Earnings per share | (5.4)p | (3.4)p | 47.6p |
Net asset value per share | 112.8p | 67.2p | 118.2p |
Dividends paid to date | 21.25p | 21.25p | 21.25p |
Total return per share | 134.05p | 88.45p | 139.45p |
Dividends declared for the period | 3p | 0p | 0p |
About Hygea vct plc
Hygea vct plc ("the Company") is a Venture Capital Trust (VCT). Since 30 July 2007, the Board has managed the Company. The Company was launched in October 2001 and raised over £7 million through an offer for subscription.
The Company's objective is to develop a portfolio of unquoted and quoted MedTech companies conforming to the Company's investment template (which can be found on www.hygeavct.com, clicking on About, and then clicking on Investment Strategy/Process) in order to generate capital growth over the long-term.
Venture Capital Trusts (VCTs)
VCTs were introduced by the UK Government in 1995 to encourage individuals to invest in UK smaller companies by offering VCT investors a series of tax benefits.

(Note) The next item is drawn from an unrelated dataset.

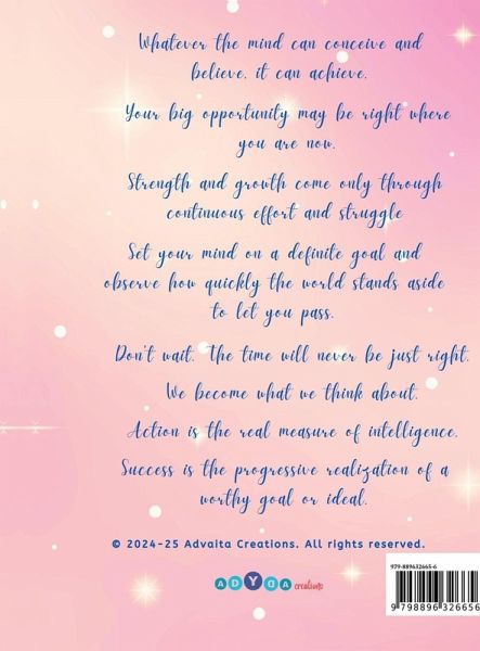 Unlock Your Potential with "My all new GOAL Journal (2025)". Transform your dreams into reality! Introducing "My all new GOAL Journal (2025) - A Highly Effective Goal Tracker for Winners Inspired from the Ivy Lee Format!"-your personal roadmap to success. This isn't just a journal; it's a catalyst for massive action and tangible results. Why Choose "My all new GOAL Journal (2025)"? In today's fast-paced world, staying focused is a challenge. The Ivy Lee Method, a century-old strategy used by the most successful people, provides a simple yet powerful solution. We've integrated this proven technique into our journal to help you especially for the new year 2025, to: Define Clear Goals: Help you identify your top 6 dreams for the year 2025. Reflect and Adapt using the yearly tracker: Regularly assess progress and adjust strategies. Monthly inspiring quotes: To keep you moving through the ups and downs of your lives! Harness the Power of Daily Rituals. Success stems from consistent, intentional actions. Who Is This Journal For? Anyone with a Dream: Personal growth, fitness goals, financial, health or creative projects. Testimonials "My productivity has soared since I started using this journal! The Author selflessly want me to win!"-Akash Bathulwar. "A game-changer for goal setting inspired from Ivy Lee and Napolean Hill's 'Think and Grow Rich' principles"-Sandeep K.

The Company has been approved as a VCT by HM Revenue & Customs (HMRC). In order to maintain its approval the Company must comply with certain requirements on a continuing basis. Within three years from the date of provisional approval at least 70% of the Company's investments must comprise "qualifying holdings" of which at least 30% must be in eligible ordinary shares. A "qualifying holding" consists of up to £5 million invested in any one year in new shares or securities in an unquoted company (including companies listed on AIM and PLUS) which is carrying on a qualifying trade and whose gross assets do not exceed £15 million at the time of investment. The Company has continued its compliance with these requirements.
Chairman's Statement
I am pleased to present the unaudited results for the six months ended 30 June 2013. I can report that the company's unaudited net asset value per share at 30 June 2013 was 112.8p compared to 118.2p at 31 December 2012 and 67.2p at 30 June 2012. The overall change in the company's net asset value in recent months results principally from the valuation of our holding in Scancell plc which is explained in more detail in the commentary below.

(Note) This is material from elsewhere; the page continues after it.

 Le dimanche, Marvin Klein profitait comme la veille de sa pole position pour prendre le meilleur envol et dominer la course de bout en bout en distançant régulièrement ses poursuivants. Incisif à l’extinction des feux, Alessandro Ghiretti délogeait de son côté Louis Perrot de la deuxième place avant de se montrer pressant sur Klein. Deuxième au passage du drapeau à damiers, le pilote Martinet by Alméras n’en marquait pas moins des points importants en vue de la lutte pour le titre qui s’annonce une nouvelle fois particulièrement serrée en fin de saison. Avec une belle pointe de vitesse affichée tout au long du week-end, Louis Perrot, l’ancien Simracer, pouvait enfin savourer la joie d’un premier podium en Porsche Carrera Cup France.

The total return (ie NAV plus dividends paid to date) at 30June 2013 was 134.05p (31 December 2012: 139.45p and 30 June 2012: 88.45p) after accruing 13.5p per share for the Board performance fee (31 December 2012: 14.9p).
Results and Dividends
The total negative return for the period amounted to 5.4p (June 2012: negative 3.4p). This was made up of a negative revenue return of 0.9p (June 2012: negative 0.9p), being operating costs net of income, and a negative capital return of 4.5p (June 2012: negative 2.5p). This negative return is net of a reduction in the performance fee accrual since the year end of £110,000 but an increase since 30 June 2012 of £1,097,000. Our unquoted portfolio has shown a small reduction in value and our AIM portfolio has shown a reduction since the year end, principally due to the decrease in the bid value of Scancell plc shares from 47.0p at 31 December to 44.1p at 30 June. We also received further proceeds from the sale of our DxS investment of £180,000 in the period being the settlement of a dispute at the time of the sale which had required a retention. This is likely to be the final material receipt following the sale and now means that we have received proceeds of £5,028,293 for our investment which amounted to £325,000.

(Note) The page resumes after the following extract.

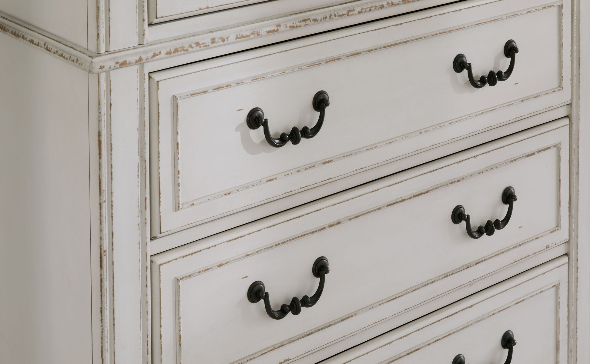 Traditional design. Casual appeal. You can have it all with this dresser. A relaxed two-tone aesthetic merges with ornate profiled drawer fronts and pilasters to give the distinctive piece an allure all its own. Expansive drawers with quality dovetail construction and dark bronze-tone hardware reflect attention to detail from the inside out.

Following the realisation of a proportion of our investment in Scancell plc (as detailed below), and after allowing for follow-on investments in our current portfolio, we have declared an interim dividend of 3p per share payable on 25 October 2013 to shareholders on the register on 27 September 2013.
Portfolio review summary
At 30 June 2013, the fund consisted of a total of 17 holdings with 6 companies quoted on AIM and 11 unquoted companies.
During the period a further £100,000 was invested into Axon, £110,000 into OR Productivity and £50,000 into Omega Diagnostics.
In the period we have taken the opportunity to realise some cash through the sale of a small proportion of our holding in Scancell plc. We have sold 1,000,000 shares for total net proceeds of £436,735. In addition we sold 15,000 shares in Epistem for net proceeds of £81,585.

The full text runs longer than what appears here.